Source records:
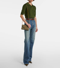 Product Details - Material: lamb leather - Lining: leather - Made in Italy - Designer color name: Strong Moss - Item color: green - Closure: magnetic fastening - Color of chain strap: gold - Detachable chain shoulder strap - Hardware color: gold - Color of fastening: gold - Internal details: Card slots, centre slot compartment, internal zipped pocket - Includes: box, dust bag - Item number: P01040424 Size & Fit - Height 12cm-4.5" - Width 19cm-7.5" - Depth 4cm-1.5" - Chain length 118cm-46.5"
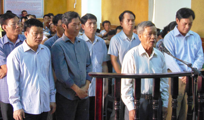 Nguyên phó chủ tịch huyện Nghi Xuân Lê Duy Việt cùng hàng loạt cấp dưới hầu tòa - Ảnh: Báo Tuổi Trẻ |
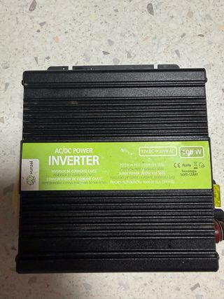 Inversor de corriente AC/DC de 500W. - Voltaje de entrada: 12V DC. - Voltaje de salida: 230V AC. - Potencia pico: 1000W (0.5 seg). - Tecnología SOFT-START. - Certificación CE y RoHS.
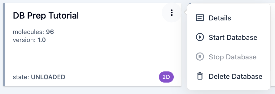 The database tile includes a three-dot menu in the upper right corner. Vendor databases and custom databases which are owned by others include only a “Details” option. This includes additional information about the database. Custom databases which you own include the details option, as well as the ability to start, stop, and delete the database. All custom databases allow you to retrieve the logs for the database for a given time period.
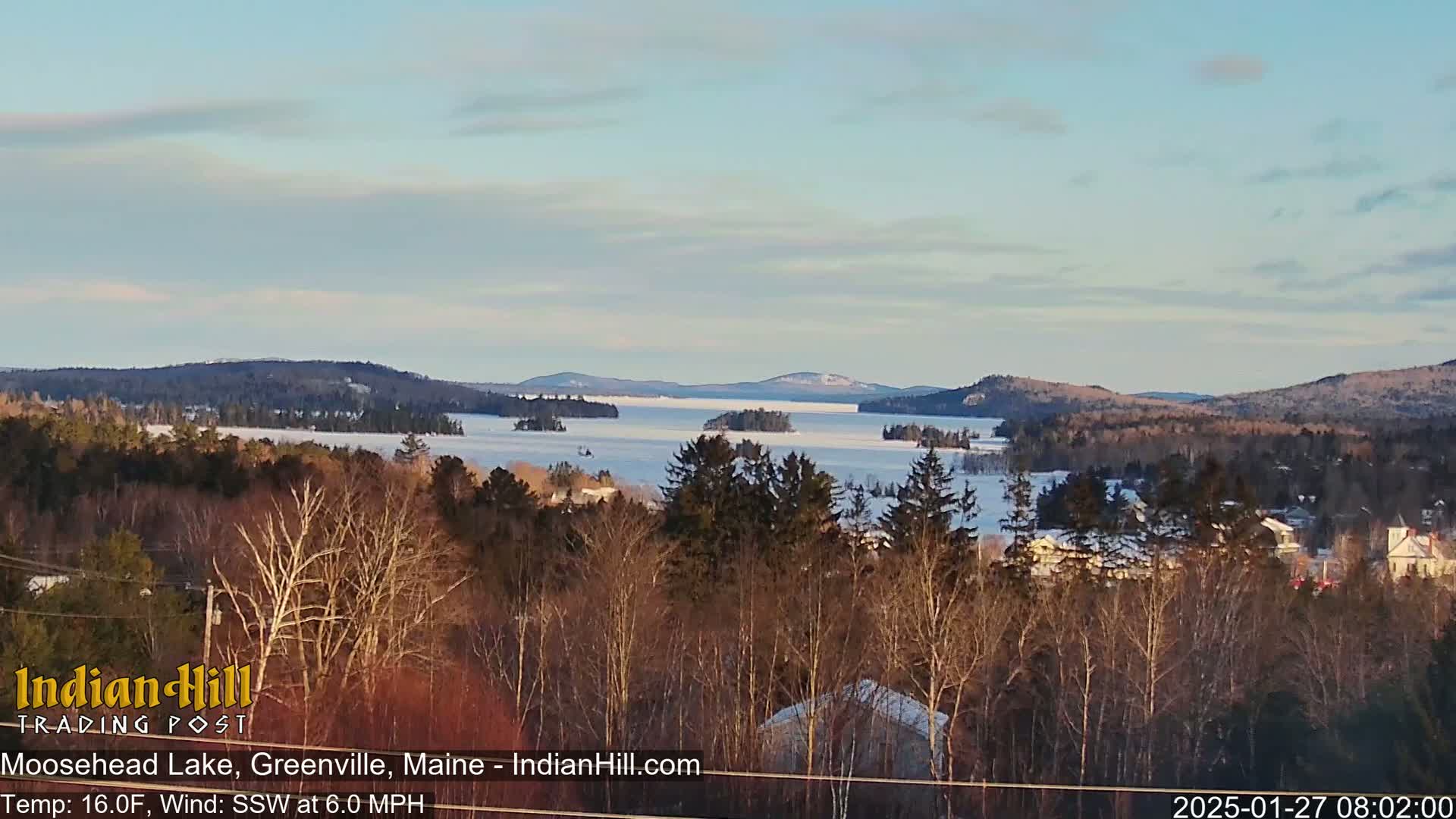 A snow-covered lake stretches to the horizon under a partly cloudy sky, viewed from a wooded hillside with a light northwest wind.

### [Task to carry out]
What you give back should be exactly the lines from the top of the data above down to and including the line with "Inversor de corriente", minus any pictures.

### [Result of this task]
 Product Details - Material: lamb leather - Lining: leather - Made in Italy - Designer color name: Strong Moss - Item color: green - Closure: magnetic fastening - Color of chain strap: gold - Detachable chain shoulder strap - Hardware color: gold - Color of fastening: gold - Internal details: Card slots, centre slot compartment, internal zipped pocket - Includes: box, dust bag - Item number: P01040424 Size & Fit - Height 12cm-4.5" - Width 19cm-7.5" - Depth 4cm-1.5" - Chain length 118cm-46.5"
 Nguyên phó chủ tịch huyện Nghi Xuân Lê Duy Việt cùng hàng loạt cấp dưới hầu tòa - Ảnh: Báo Tuổi Trẻ |
 Inversor de corriente AC/DC de 500W. - Voltaje de entrada: 12V DC. - Voltaje de salida: 230V AC. - Potencia pico: 1000W (0.5 seg). - Tecnología SOFT-START. - Certificación CE y RoHS.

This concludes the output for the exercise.